3. Consider your overall situation
There are many routes and programs to choose from when refinancing, pick a program that fits your financial situation and your needs.
4. Look at refinancing your first mortgage before getting a second
It is always advisable to refinance your first before getting a second mortgage (unless your first mortgage has certain benefits). Carrying a second mortgage will increase your monthly mortgage payment and have a high interest rate.
5. Ask about points and origination fees
Points and/or origination fees are used to lower (buy down) the interest rate. Look at the points, rate, and origination fees. An origination fee is basically the same fee as points, but some lenders separate the two costs to make the fees seem smaller.
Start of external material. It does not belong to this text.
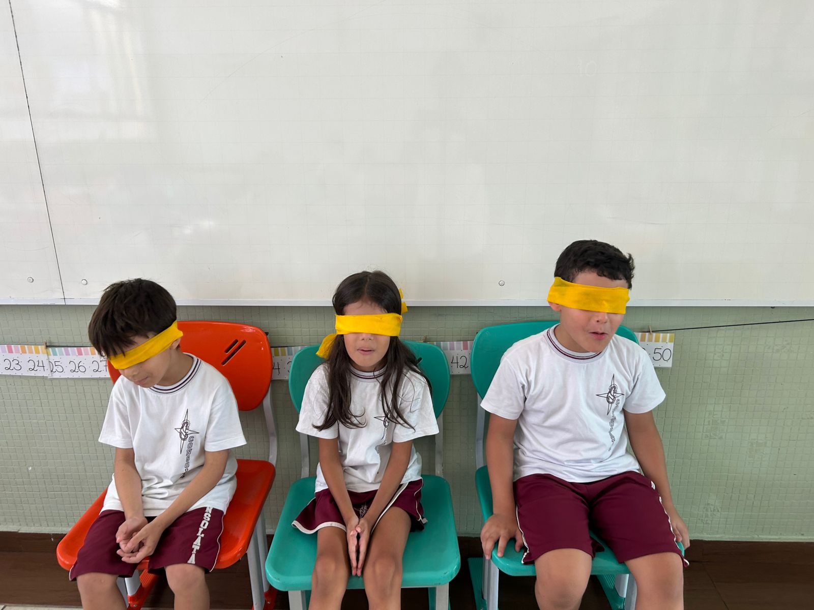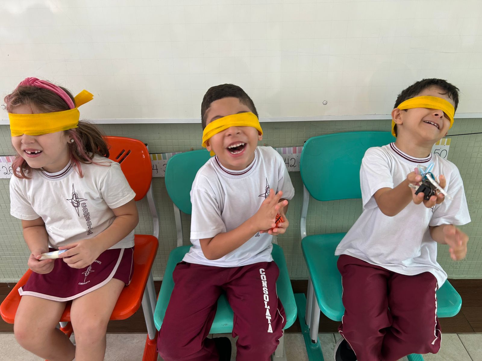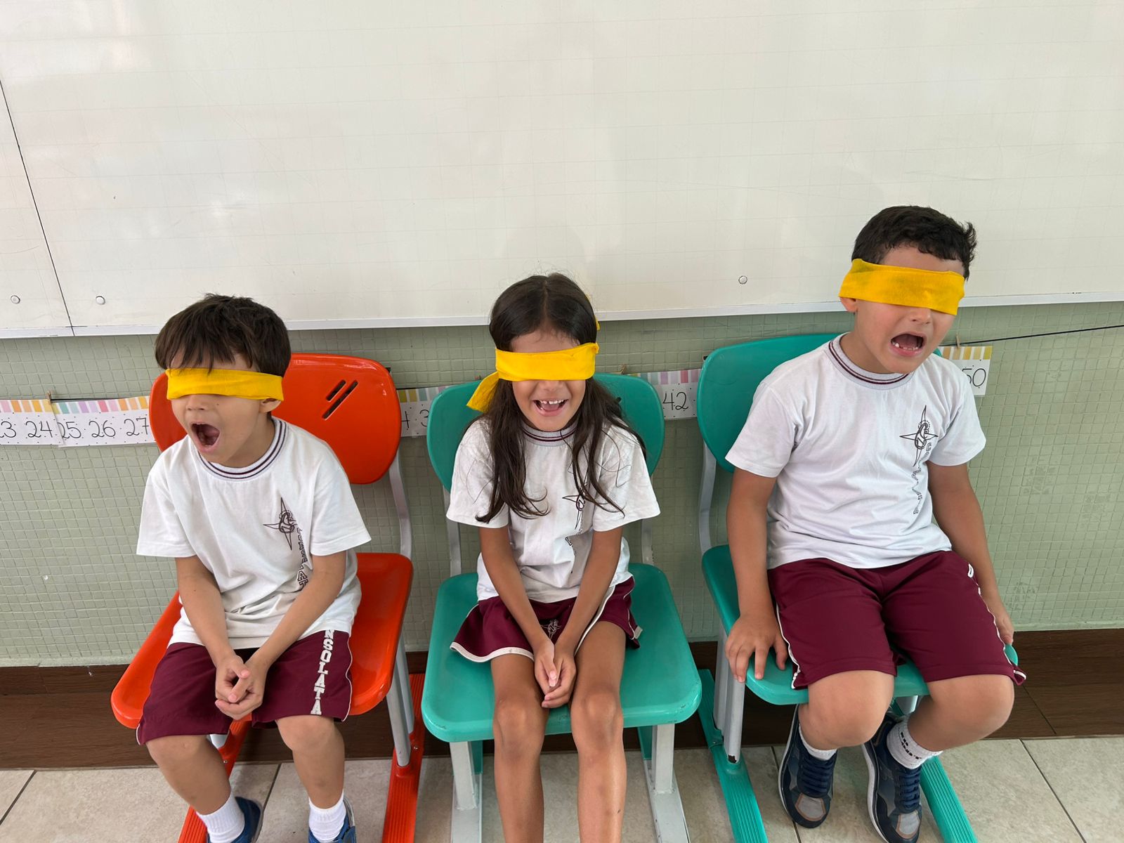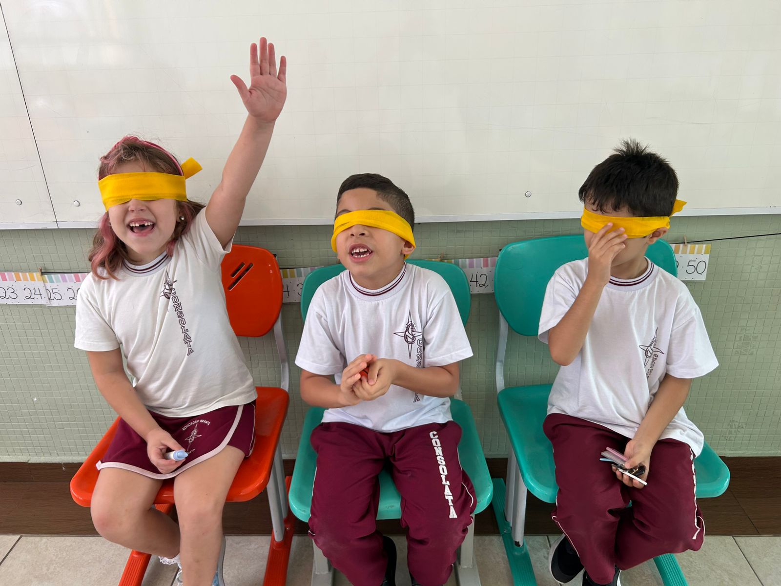 Os alunos do 1º ano A mergulharam no universo dos cinco sentidos na aula de Ciências — e, claro, aprenderam do jeito que criança aprende melhor: brincando!

6. Get everything in writing
Do not expect verbal agreements to be enforceable, a written contract will override the verbal contract. More importantly, your state may require written contracts for the sale of real property.
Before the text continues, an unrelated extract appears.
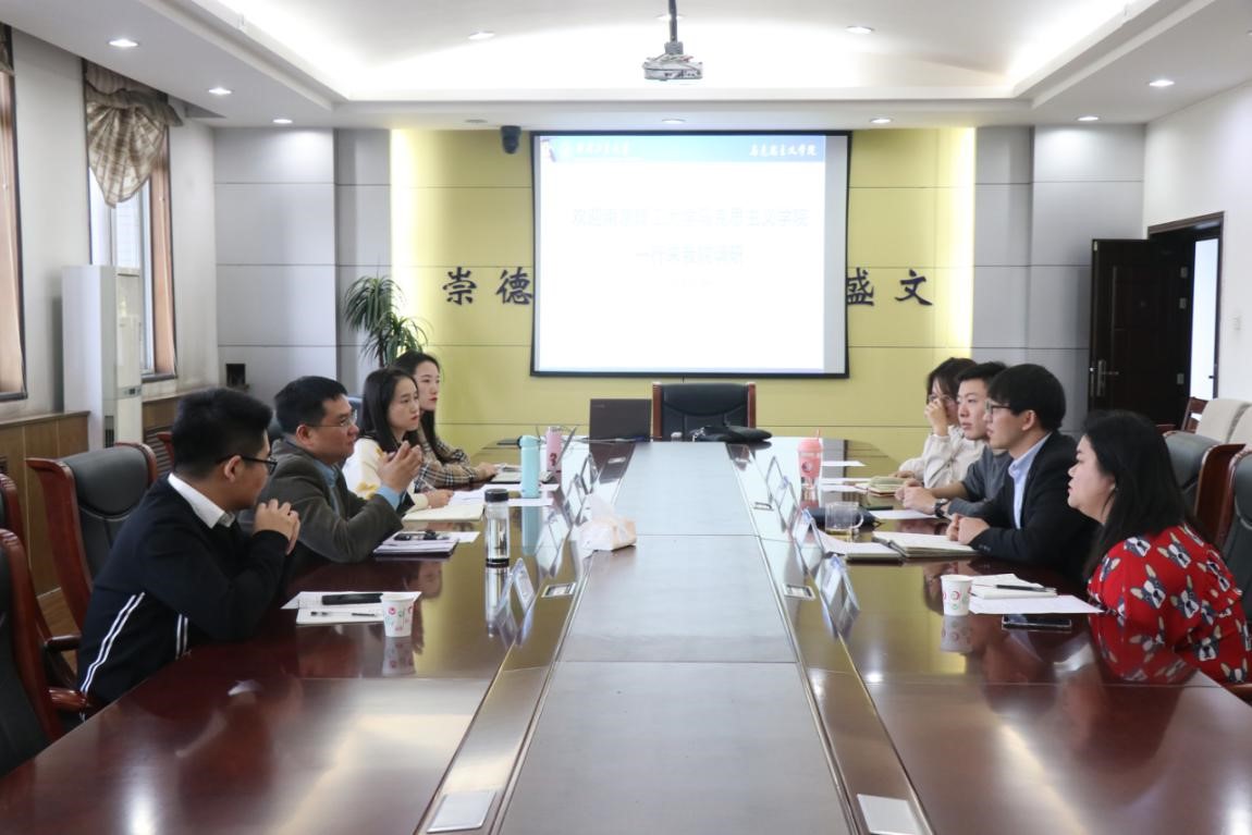 南京理工大学马院同仁对我院学生就业指导、加强社会实践、党员教育管理等方面表示了浓厚的兴趣,李军介绍了南京理工大学马克思主义院在学生社团活动、社会实践、研究生管理等方面的做法和体会。
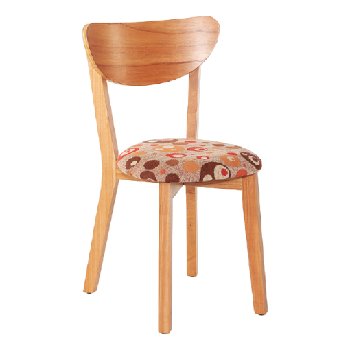 Fabricada en paraiso / Lustre natural / Asiento tapizado en tela grupo 2 / Respaldo curvo en madera.

7. Don’t sign anything without reading it
Review any documents you’ll be signing in advance. Many of the documents you’ll sign are standard forms and are usually available for review. You won’t have time to read all the documents during the closing appointment.
8. Provide documents to the lender quickly
Get everything your mortgage company asks for, delays in providing documents can result in costly delays. If your mortgage company asks you for additional documents, provide them immediately, there are ways around not showing documents, but it will increase your costs and rate.
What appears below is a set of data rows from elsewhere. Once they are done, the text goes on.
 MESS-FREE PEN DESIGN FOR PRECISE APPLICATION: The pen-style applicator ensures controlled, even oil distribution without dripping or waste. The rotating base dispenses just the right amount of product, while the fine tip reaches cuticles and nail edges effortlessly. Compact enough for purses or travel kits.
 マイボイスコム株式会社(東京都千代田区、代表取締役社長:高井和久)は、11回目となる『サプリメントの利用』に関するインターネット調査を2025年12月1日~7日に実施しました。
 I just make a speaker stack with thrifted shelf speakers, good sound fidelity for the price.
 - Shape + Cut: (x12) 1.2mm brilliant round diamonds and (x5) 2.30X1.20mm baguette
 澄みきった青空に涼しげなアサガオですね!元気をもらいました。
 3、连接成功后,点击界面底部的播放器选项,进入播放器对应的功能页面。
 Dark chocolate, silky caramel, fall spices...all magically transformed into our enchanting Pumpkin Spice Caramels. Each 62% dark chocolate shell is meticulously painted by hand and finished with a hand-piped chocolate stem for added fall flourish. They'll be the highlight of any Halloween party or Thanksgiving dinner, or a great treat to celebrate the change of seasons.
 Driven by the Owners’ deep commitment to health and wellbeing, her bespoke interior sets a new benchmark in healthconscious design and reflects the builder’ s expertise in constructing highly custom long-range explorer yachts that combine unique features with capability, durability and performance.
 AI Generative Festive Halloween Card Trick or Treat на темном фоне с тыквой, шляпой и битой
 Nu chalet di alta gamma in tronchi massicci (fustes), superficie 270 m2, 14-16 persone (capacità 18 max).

9. Know when to pay for an appraisal
When you think your home value is uncertain or low, ask your mortgage company to prepare a desk review before an appraisal is provided. A desk review will give you a range of the estimated value of your home property. Paying for a full appraisal, when it’s doubtful that you’ll get the needed value to qualify for a loan, will be money poorly spent.
10. Know your rights
The Equal Credit Opportunity Act (ECOA) provides for equal access to credit regardless of:
- Race
- Religion
- Age
- Color
- National origin
- Sex
- Marital status
- Income from public assistance programs
There are additional protections if you have a physical or mental disability.
The ECOA also requires that you are notified within 30 days of the completed loan application that your application has been approved as requested, modified, or rejected. Specific reasons for rejection must be given, in writing, to you at the time of rejection or upon your written request for the reasons.
Real Estate Settlement Procedures Act (RESPA) requires lenders to give you advance notice of estimated closing costs in purchase and refinance transactions.
Truth-in-Lending Act
The Truth-in-Lending Act requires all lenders to fully disclose, within three business days after receiving your loan application, a written statement of fees, terms and conditions associated with a loan including the Annual Percentage Rate (APR), which reflects the cost of obtaining credit.